Why White-on-Black Slides are so Popular
To many people it simply looks cool and professional, but there are also practical choices that make this style appealing. One of the most compelling is that a white background adds a significant amount of light to the room. In a major conference where there are plenty of spotlights on the speaker and the room is professionally lit this does not make much impact, but in small and medium size events or in company meeting rooms you might notice that the brightness of modern projectors can be an issue.
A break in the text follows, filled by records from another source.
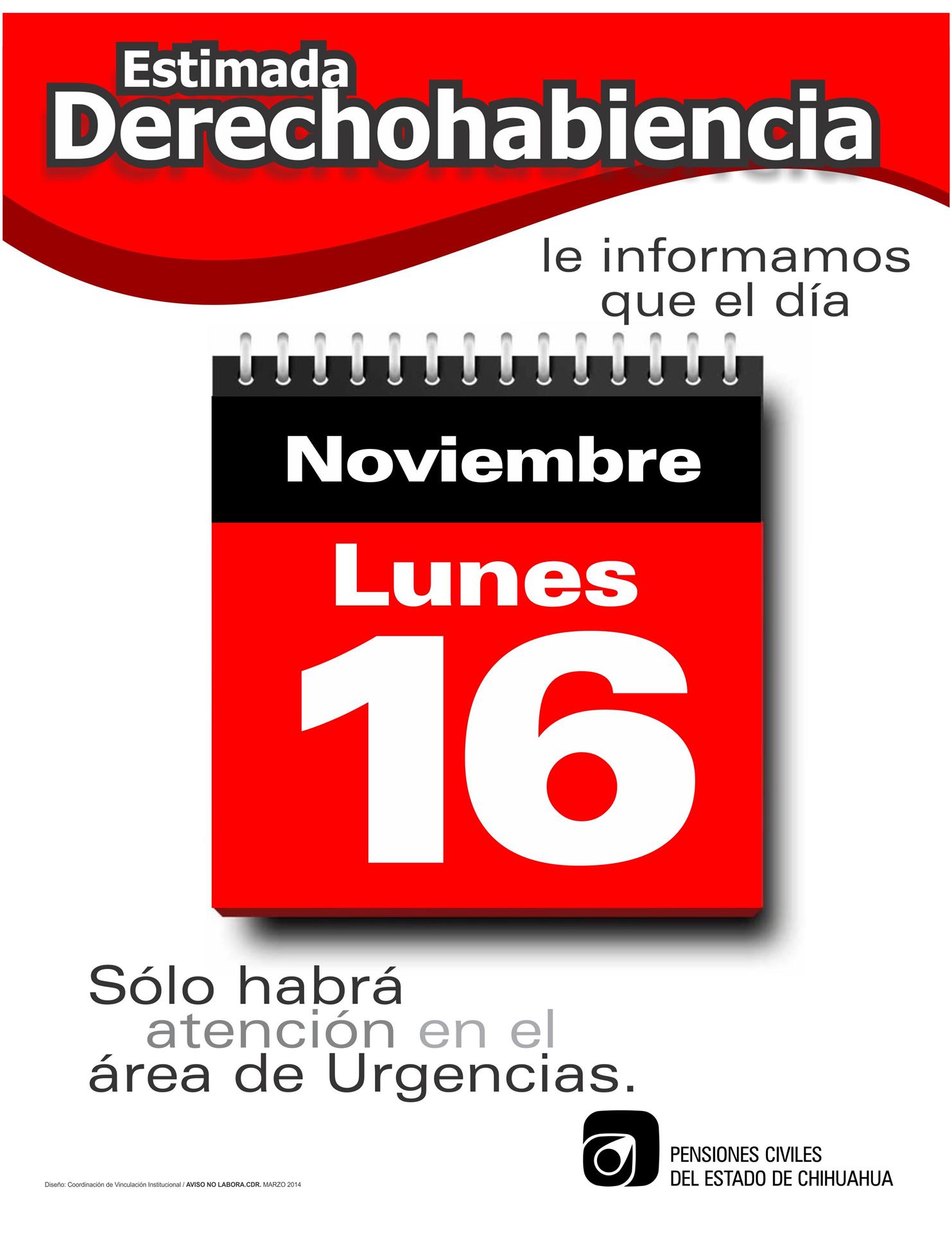 Estimado Derechohabiente le informamos que el día Lunes 16 de noviembre, sólo habrá atención en el área de Urgencias
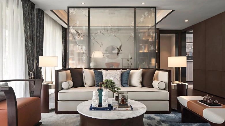 新中式餐厅的背景墙也不拘一格,可以依照主人的爱好和审美品位自由发挥。
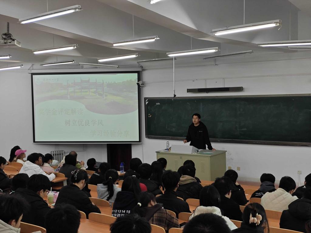 为深入贯彻落实立德树人根本任务,进一步加强学风建设,培育优良学风,beat365英国官方网站于2024年11月19日在召开了学风建设大会暨学习经验分享会,会议由beat365英国官方网站本科生第一党支部书记赵岳老师主持,2024级学生参加了会议。

One way to deal with this problem is to have a fairly constant intensity presentation where there are no slides that are significantly darker, but this can be monotonous. If you blank to black the screen when the images are not needed the impact is even worse. Back in the days of projection CRTs the screen image was so dim that this was never an issue. Now the kind of projectors you might find in any company meeting room can be bright enough to be a problem;
Apart from the distracting changes in light when slides change or the screen in blanked, a white background aggravates another issue. In many company and hotel meeting rooms it is hard for the speaker to stay entirely out of the projector beam all the time. When a slide is just a line of white text on a black background this problem is minimized. But when you have black writing on a white background you are much more likely to have some light from the beam in the speaker's face. This is annoying for the speaker and distracting for the audience.
You can reduce this effect another way by using a short throw or ultra short throw projector behind the speaker -- and possibly add two LED spotlights to brighten the speaker's face -- and you should definitely consider this for your own meeting rooms. But most speakers have more say in the making of their slides than in the equipment of meeting rooms so a white-on-black style is a simpler solution.